20. The War of the Worlds by H.G. Wells (1898)

A group of Martians invade the planet Earth and destroy anything in their path. This was so realistic that the radio show caused many to believe the world was truly ending.

21. Out of the Silent Planet by C.S. Lewis (1938)

While we’re used to seeing Lewis work in other genres, Dr.Ransom (ironic yes) is kidnapped and taken to Mars. He learns he is to be offered as a sacrifice.

22. The Dream-Quest of Unkown Kadathby H.P. Lovecraft (1943)

A blend of eldritch horror and science fiction, this novella features Randolph Carter dreams about a mysterious city he wishes to visit. The only thing stopping him is horrendous gods on another planet are determined to keep it from him.

23. Childhood’s End by Arthur C. Clarke (1953)

A peaceful alien race has taken over the universe and turned into what can only be considered a utopia. As time passes, it becomes clear that the utopia isn’t all it seems to be.

24. A Journey to the Center of the Earth by Jules Verne (1864)

A classic novel following professor Otto Lidenbrock, his nephew Axel, and their strong guide Hans. They travel down through an Icelandic volcano while encountering a strange new world along the way.

25. The Dispossessed by Ursula K. Le Guin (1974)

Hainish cycle #5

This takes place in the same universe as “The Left Hand of Darkness”.

This is about a physicist named Shevek who aims to disrupt the peace on Urras in aims to remove the hate of his own home planet.

26. Nemesis by Isaac Asimov (1989)

Pioneers leave the crowdedness of the Earth for life in orbiting colonies.
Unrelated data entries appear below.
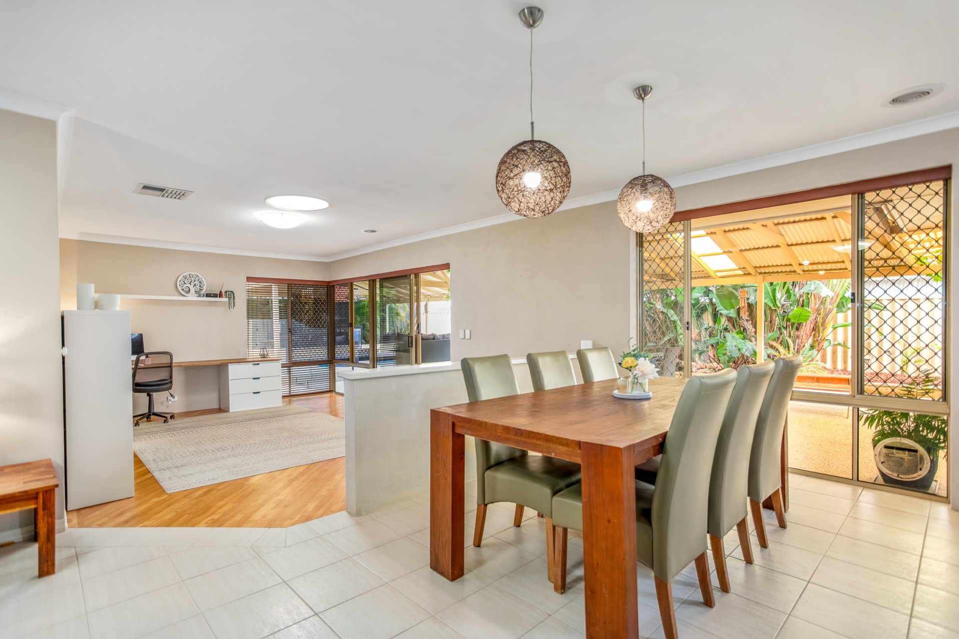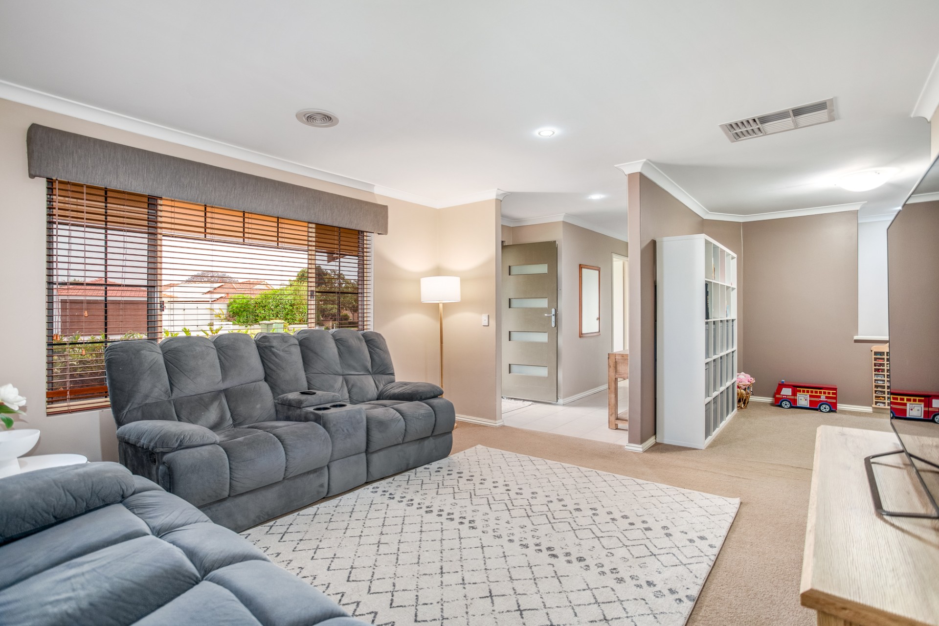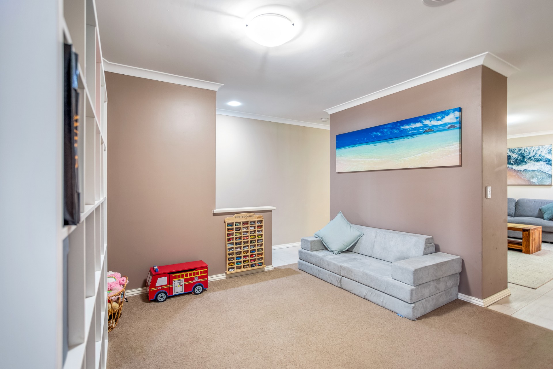 The large open plan kitchen and dining area leads into a sunken games/activity space, and main living/lounge area. A formal dining room (currently utilised as a toy room) separates the main living space from an additional lounge space at the front of the home.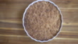 slow motion view of home made apple crumble on wooden board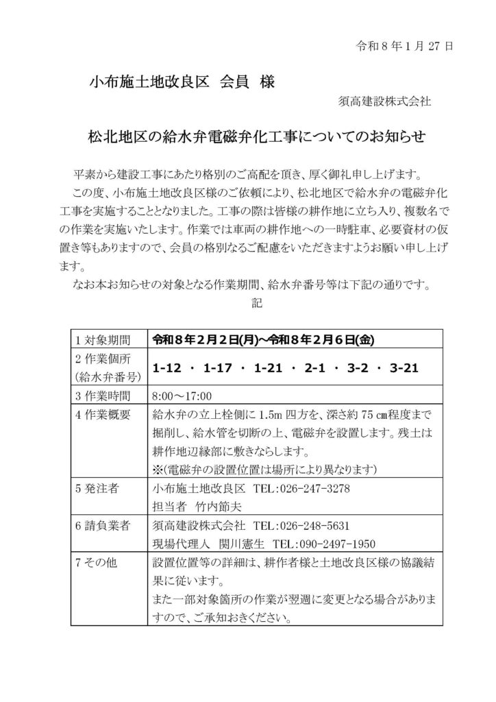 松北地区 給水弁電磁弁化工事実施について(2月2日~6日)

One, Rotor, has broken away from the solar system to create its own utopia around the red star named Nemesis.

A young girl discovers the problem that Nemesis poses to Earth and her ways of warning everyone.

27. Rendezvous with Rama by Arthur C. Clarke (1973)

A tale about mankind’s first encounter with extraterrestrial life. When a celestial object dubbed Rama is found to be an interstellar spacecraft, a group is sent to intercept its motives.

28. Sundiver by David Brin (1980)

Uplift war #1

Humans reach the stars without the aid of others which is unheard of for other races. Did some race help with the uplift but disappear? A solid novel about humanity.

29. Red Mars by Kim Stanley Robinson (1992)

Book 1 of the Mars Trilogy

Colonists flee from an overpopulated Earth to Mars. They are tasked with terraforming the hostile red planet. This book digs deep into the speculative nature of terraforming on a unique level.

30. Dawn by Octavia E. Bulter (1987)

Xenogenesis #1

Lilith Lyapo wakes up hundreds of years into the future after atomic devastations ravages Earth. She awakes in a massive alien spaceship run by aliens called the Oankali who save humans from extinction. They’ll take them back to a renewed Earth on one condition.

The survivors allow them to interbreed with them.

I hope you found this post enjoyable. Have any questions or opinions? If so share them in the comments.

Happy Thursday everyone!


One thought on “30 Science Fiction Novels That I Recommend Reading

  1. Absolutely incredible list. I just re-read some Philip Dick and I re-read Dune every year (I don’t know, it makes me feel warm in winter). I want to re-read Hyperion because I remember it being incredible and I wonder if it still is!